We could go on and level a salient cultural critique as to why these films roll the way they do. They could be seen as the quintessential products of the postmodern ethos, where traditional values are there only to be shredded, and alternative life-style choices – whether it is affairs with married women (or unmarried dolls); septuagenarian heroin ingestion; or illicit water tower climbing (one of the many memorable scenes with a young Leonardo DiCaprio in Gilbert Grape) -- are there to be tolerated, if not indeed celebrated.

They could also be seen as a perhaps welcome salination of the sickly sweet family films of a bygone era: here comes Lassie to drag Timmy out of the neighbors’ cobra pit. Mom had told him a hundred times not to go in that thing, but we know he’ll learn his lesson and they will all live happily ever after. (“Gee, Mom, you’re swell! And you too, Lassie!” “Ruff!”)

And yet…I found myself moved by all these films, and wondered what it was that touched me. They are all well directed and well acted, but that only provides a lowest common denominator for enjoyment. What distinguishes them is that, for all their visible dysfunction and edgy behavior, they really are sweet at heart. The characters may find themselves lost in a jungle of pathology, but they eventually hack their way through the brush to find one another, and with that to find some kind of peace amidst the chaos of life.

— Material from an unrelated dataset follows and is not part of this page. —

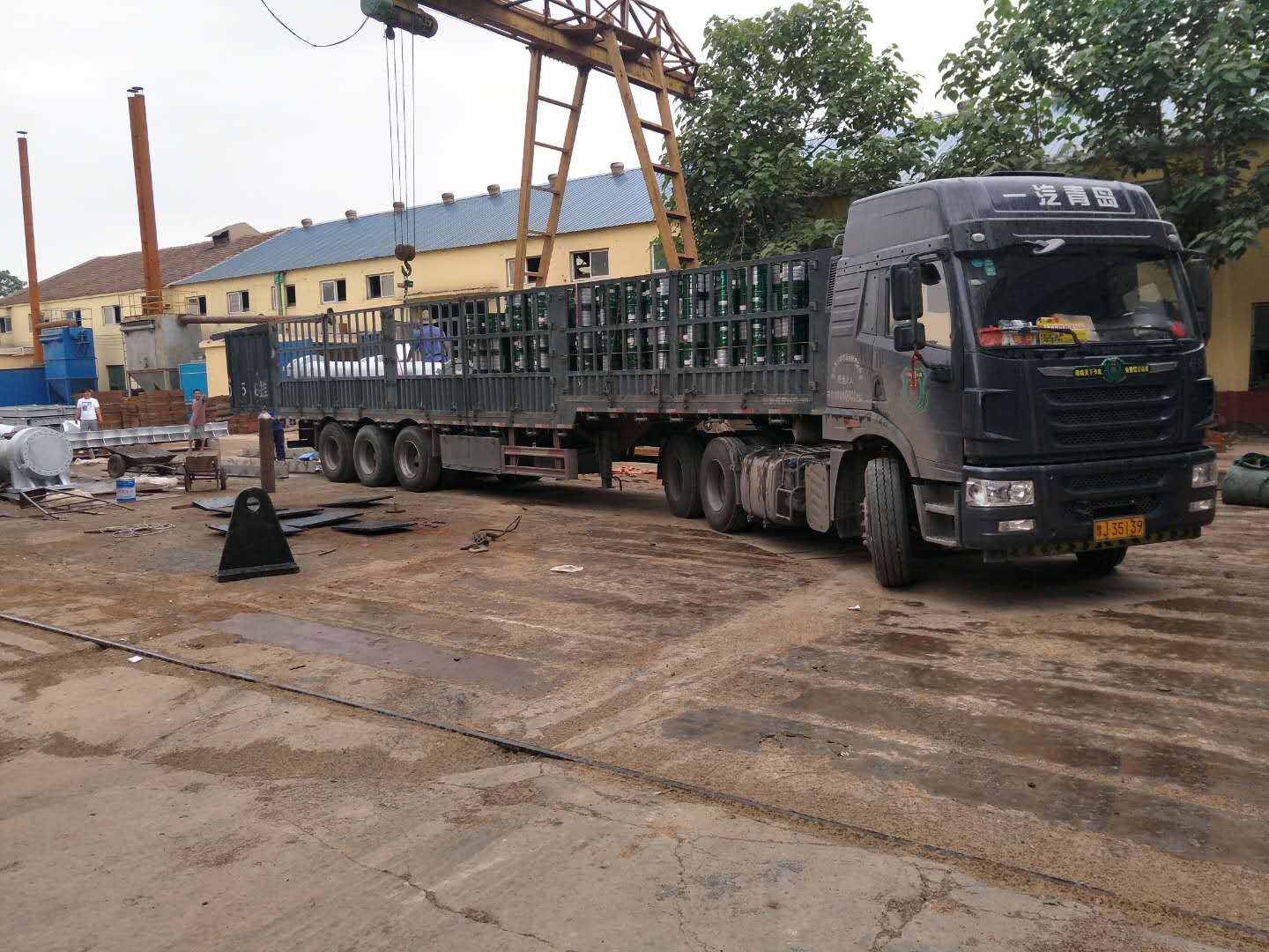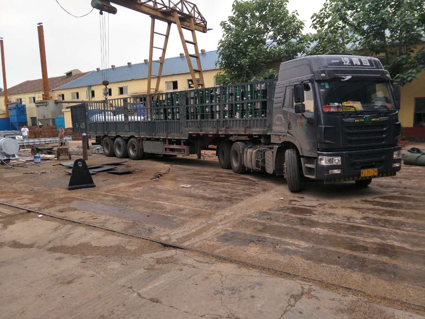 30米不銹鋼鋼壩液壓啟閉機發(fā)貨第一車冒雨出發(fā)直達海口

The fact that they find it in the worst possible circumstances of ordinary life makes the grace of re-discovering one’s family all the more profound. In Gilbert Grape, a dropped birthday cake can rip your heart out, but the mother’s trudge to the second floor becomes a kind of ascent of Jacob’s ladder. Try to keep a dry eye as kindly Karin berates Lars for not recognizing what they are doing for him, “Every person in this town bends over backward to make Bianca feel at home. Why do you think she has so many places to go and so much to do? Huh? Huh? Because of you! Because - all these people - love you!” As for Little Miss Sunshine, all I can say is that you may never think about Rick James’ Superfreak the same way again.

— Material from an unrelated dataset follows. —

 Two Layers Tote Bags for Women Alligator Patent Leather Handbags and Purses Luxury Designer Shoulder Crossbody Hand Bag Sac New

I may be wrong about the merits of these films. But it is not because there is something strange about the idea of love appearing in the strangest of places, or of something – or Someone – pulling people together when everything seems to be pulling them apart. Whatever the filmmakers’ motives may have been, the films can function for us as parables of the divine seed of the gospel that flourishes in the most unlikely soil.